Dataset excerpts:
════════════════

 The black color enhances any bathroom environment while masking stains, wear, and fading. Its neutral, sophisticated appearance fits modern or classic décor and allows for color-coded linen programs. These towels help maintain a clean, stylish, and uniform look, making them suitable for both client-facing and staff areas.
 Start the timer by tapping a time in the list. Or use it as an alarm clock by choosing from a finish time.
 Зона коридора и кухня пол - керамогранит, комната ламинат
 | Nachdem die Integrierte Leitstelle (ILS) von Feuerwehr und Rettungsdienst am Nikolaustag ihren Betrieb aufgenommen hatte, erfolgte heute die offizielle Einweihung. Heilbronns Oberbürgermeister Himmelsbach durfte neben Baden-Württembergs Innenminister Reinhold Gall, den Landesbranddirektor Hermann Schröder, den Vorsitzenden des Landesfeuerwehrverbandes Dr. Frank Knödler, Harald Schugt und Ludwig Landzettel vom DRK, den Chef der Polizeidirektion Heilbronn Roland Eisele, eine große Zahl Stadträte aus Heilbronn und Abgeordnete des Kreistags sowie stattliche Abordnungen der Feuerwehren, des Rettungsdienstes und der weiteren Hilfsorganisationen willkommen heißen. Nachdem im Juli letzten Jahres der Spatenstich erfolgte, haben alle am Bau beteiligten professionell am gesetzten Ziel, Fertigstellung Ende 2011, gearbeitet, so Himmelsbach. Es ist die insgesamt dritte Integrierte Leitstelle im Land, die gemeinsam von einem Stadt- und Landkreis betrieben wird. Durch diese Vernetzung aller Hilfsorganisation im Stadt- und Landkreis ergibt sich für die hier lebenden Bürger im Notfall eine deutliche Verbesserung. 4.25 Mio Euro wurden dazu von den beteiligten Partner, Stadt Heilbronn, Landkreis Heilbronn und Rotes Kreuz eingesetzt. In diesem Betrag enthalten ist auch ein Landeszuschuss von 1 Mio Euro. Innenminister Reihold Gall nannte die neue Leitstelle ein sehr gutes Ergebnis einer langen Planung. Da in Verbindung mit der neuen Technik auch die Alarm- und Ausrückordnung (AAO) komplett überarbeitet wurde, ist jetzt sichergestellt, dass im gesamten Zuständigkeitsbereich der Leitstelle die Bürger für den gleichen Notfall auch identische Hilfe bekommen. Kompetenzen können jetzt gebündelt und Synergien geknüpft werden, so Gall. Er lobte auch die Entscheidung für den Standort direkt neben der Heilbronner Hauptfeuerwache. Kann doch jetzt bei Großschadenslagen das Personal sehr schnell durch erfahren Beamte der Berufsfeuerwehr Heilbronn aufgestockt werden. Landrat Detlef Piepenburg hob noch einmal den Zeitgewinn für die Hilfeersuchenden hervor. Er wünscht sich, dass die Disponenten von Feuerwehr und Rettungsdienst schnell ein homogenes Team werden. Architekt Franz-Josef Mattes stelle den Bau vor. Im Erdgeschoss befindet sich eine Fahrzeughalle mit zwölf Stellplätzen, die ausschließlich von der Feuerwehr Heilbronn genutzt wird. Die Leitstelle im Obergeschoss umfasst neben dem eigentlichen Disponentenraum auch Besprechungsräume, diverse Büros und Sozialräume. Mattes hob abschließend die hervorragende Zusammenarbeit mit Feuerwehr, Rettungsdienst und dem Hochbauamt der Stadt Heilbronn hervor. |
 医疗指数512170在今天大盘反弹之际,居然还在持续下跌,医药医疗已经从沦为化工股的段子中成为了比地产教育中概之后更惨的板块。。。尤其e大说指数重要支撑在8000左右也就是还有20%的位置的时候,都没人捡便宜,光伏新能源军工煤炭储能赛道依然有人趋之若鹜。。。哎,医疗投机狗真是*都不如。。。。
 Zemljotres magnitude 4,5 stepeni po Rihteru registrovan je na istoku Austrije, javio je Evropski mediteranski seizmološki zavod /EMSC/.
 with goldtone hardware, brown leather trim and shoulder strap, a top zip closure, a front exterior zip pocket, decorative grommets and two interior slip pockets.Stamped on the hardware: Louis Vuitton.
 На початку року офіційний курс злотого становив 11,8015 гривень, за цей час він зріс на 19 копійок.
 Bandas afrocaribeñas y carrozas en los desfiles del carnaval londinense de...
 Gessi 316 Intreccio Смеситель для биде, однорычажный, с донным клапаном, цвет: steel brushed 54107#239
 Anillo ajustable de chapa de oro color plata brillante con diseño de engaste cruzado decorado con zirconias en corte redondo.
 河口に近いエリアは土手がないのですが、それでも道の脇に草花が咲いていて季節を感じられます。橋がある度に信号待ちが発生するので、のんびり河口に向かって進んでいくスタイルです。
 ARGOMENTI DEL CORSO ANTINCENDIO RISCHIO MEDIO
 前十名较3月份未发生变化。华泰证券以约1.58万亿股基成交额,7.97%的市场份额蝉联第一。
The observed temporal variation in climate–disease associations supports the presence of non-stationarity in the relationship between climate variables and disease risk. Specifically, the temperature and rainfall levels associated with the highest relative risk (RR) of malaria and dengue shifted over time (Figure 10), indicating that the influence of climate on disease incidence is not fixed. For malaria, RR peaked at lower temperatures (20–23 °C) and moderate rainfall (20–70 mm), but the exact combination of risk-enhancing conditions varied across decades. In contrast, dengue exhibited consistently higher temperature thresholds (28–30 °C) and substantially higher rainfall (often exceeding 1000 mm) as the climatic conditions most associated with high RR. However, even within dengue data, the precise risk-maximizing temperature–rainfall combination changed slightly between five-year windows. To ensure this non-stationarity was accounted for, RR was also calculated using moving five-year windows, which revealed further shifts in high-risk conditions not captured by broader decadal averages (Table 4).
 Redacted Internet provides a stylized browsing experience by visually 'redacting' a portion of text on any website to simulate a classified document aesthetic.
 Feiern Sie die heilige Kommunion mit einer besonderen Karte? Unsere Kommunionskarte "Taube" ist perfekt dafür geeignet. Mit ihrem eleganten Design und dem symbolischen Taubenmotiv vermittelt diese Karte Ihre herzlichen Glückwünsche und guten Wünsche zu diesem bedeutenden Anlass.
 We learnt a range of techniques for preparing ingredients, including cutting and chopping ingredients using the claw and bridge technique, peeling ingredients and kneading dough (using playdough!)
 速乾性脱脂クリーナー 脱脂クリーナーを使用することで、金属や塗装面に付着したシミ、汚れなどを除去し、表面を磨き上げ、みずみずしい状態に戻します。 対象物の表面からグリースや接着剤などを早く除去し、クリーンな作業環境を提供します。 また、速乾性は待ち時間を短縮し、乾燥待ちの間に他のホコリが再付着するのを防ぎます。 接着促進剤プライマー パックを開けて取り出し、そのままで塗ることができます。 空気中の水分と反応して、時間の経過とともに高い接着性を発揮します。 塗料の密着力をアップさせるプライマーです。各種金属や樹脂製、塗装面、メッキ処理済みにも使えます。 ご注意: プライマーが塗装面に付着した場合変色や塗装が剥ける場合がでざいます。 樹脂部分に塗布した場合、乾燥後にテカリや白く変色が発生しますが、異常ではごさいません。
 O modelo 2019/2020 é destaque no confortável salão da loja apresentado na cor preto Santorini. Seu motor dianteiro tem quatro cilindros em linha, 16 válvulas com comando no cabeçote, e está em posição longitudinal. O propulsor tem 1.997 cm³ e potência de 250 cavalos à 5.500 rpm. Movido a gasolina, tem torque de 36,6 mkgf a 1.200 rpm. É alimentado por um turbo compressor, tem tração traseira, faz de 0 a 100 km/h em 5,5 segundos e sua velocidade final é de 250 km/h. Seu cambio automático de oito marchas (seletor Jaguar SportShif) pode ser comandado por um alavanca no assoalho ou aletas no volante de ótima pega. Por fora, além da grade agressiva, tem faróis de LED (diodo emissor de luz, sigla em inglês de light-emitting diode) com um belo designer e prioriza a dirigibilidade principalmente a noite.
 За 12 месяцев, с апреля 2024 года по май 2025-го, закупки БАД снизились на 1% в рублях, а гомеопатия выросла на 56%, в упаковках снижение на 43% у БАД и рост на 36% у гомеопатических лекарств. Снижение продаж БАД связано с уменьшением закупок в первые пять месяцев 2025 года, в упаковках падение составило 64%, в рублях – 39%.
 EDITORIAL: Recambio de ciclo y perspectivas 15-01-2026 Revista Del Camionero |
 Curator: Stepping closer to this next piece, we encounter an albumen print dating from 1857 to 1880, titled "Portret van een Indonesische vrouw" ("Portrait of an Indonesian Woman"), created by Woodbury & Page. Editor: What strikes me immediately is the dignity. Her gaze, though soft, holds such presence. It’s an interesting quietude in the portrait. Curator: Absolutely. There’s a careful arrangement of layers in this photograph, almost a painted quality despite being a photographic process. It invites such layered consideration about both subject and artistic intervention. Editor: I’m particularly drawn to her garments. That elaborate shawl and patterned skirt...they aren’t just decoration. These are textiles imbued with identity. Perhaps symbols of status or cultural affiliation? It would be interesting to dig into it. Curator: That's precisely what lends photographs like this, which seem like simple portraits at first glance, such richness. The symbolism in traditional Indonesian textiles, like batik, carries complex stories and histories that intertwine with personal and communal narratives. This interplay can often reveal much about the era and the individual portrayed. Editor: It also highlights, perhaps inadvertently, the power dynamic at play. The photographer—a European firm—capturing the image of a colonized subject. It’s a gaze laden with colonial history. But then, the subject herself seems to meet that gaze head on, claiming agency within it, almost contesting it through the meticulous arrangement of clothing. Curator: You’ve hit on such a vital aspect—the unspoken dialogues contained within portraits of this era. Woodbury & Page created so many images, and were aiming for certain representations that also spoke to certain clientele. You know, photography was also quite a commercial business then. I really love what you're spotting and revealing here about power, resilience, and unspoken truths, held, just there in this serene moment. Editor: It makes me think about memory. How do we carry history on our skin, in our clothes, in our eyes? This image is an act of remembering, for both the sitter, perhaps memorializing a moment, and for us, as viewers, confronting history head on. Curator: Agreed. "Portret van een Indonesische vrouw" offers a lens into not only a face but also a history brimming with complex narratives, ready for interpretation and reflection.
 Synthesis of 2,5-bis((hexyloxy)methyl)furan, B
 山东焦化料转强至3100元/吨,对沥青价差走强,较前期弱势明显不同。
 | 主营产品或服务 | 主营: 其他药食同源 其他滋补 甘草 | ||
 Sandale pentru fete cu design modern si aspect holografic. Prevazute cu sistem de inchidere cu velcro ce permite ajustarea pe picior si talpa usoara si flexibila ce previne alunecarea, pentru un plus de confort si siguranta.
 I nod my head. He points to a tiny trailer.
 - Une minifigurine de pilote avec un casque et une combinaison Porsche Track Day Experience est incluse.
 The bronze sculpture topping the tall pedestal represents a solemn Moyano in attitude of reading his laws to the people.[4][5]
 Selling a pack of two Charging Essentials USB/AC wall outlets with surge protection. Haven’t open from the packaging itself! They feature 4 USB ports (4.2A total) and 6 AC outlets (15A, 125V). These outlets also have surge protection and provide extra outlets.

════════════════

» **Activity**
The answer must be one number: how many lines in the records above contain "color".

» **Answer space**
2